PARTIE 1 D’UN ITINÉRAIRE PROFESSIONNEL À UN CHEMINEMENT SCIENTIFIQUE

2. Repérer les praxéologies utiles à la RII

Le problème central dans le repérage des praxéologies utiles à la RII est celui des conditions et contraintes déterminant les équipements praxéologiques institutionnels et personnels en matière de RII. Nous l’avons vu, il s’agit d’un domaine pour lequel la transposition didactique n’avait, il y a dix ans, encore guère opéré puisque l’objet était relativement nouveau. Les différentes étapes du processus de transposition didactique semblaient alors apparaître à l’état naissant (désignation de l’objet à étudier, constitution du texte du savoir, etc.).

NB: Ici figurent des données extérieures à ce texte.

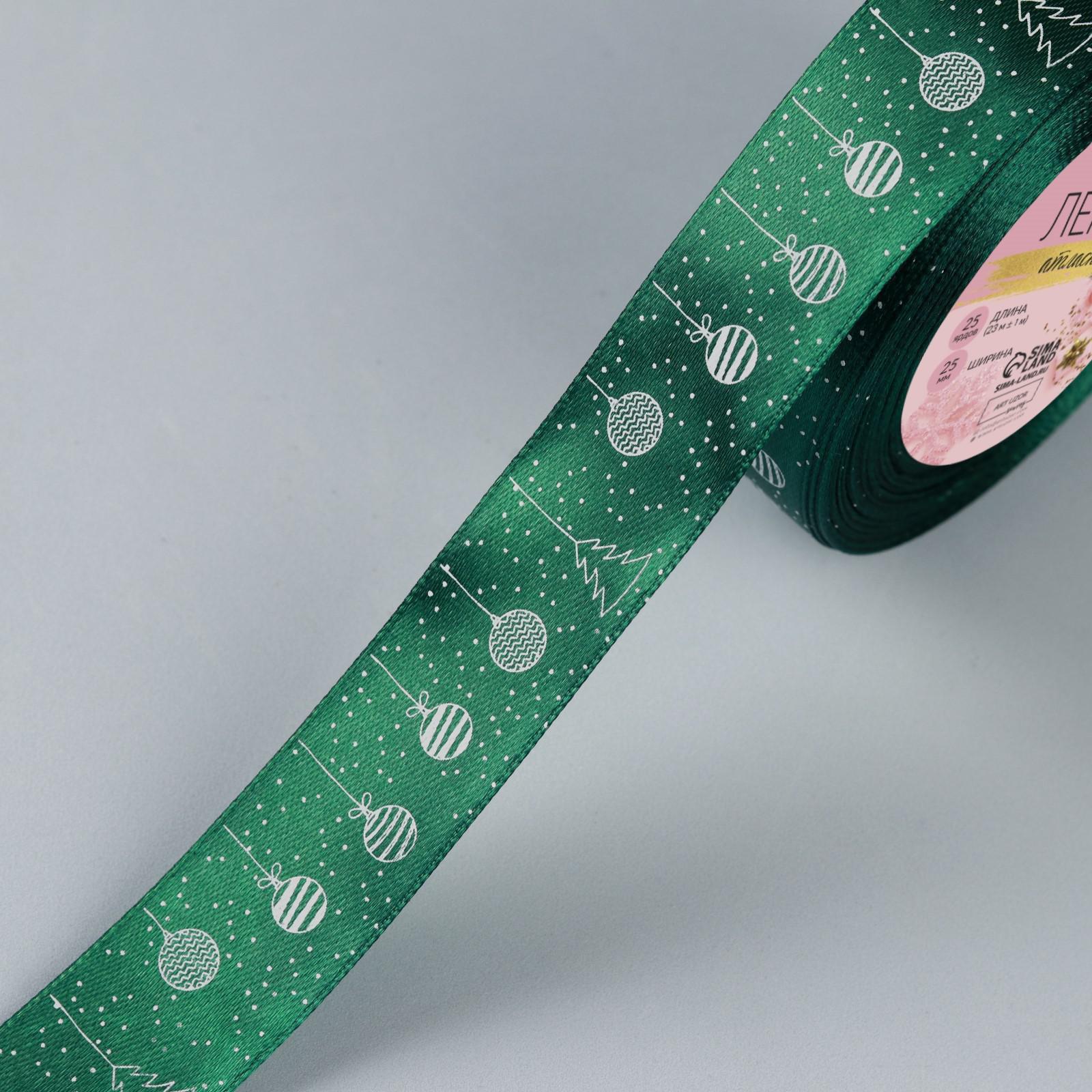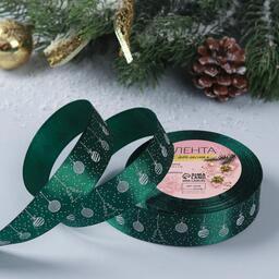Лента атласная «Ёлочные игрушки», 25 мм, 23 ± 1 м, цвет тёмно-зелёный №49

Problèmes inhérents au repérage à réaliser

Dans notre approche didactique, deux problématiques solidaires se posaient dans ce travail de repérage. D’abord le faible niveau de connaissance des techniques de RII. Nos différentes observations avaient mis en lumière que pour bon nombre de personnes il n’y avait « rien à savoir », ou presque, et qu’on entendait souvent dire qu’il n’y a qu’à « regarder » sur Internet, comme si cela allait de soi et pouvait se réduire à un seul type de tâche accompli par une seule technique. Faire la didactique de cet équipement praxéologique minimal n’était pas notre objectif, nous centrer sur celui des quelques experts, le plus souvent professionnels, n’était pas en cohérence avec l’idée de rechercher les praxéologies utiles pour tel ou tel public. La question se posait aussi de comprendre pourquoi, alors même que dans certaines institutions des pratiques plus développées de RII s’étaient développées, ces pratiques étaient si peu diffusées au sein de la société. Nous pouvions aisément conclure sur un fait essentiel : « une

culture de la RII adéquate aux besoins praxéologiques des personnes et des institutions, si elle existe, ne baigne aujourd’hui que dans de rares et étroits milieux institutionnels » (Ladage, 2008, p. 56). Le paradigme de l’effort minimal déployé pour apprendre des techniques de recherche sur les moteurs de recherche est d’ailleurs encouragé par les moteurs de recherche eux-mêmes, comme en témoigne le rêve caressé par les fondateurs de Google, celui de la

perfect search, la « recherche parfaite », soit “the ability to ask any question and get not just an accurate answer, but your perfect answer, an answer that with eerie precision is informed by who you are and why you’re asking”, rapporté par l’un de leurs biographes (Battelle, 2006,

p. 252). D’aucuns pourraient se révolter à l’idée d’une telle emprise sur ses recherches, mais on note, sans pleinement en saisir la raison, que « dans un tel paradigme praxéologique, l’usager minore le plus souvent son propre rôle face à la “machine”, censée faire ce qu’elle veut – ou plutôt ce que veulent les lois qui la gouvernent » (Ladage, 2008, p. 50).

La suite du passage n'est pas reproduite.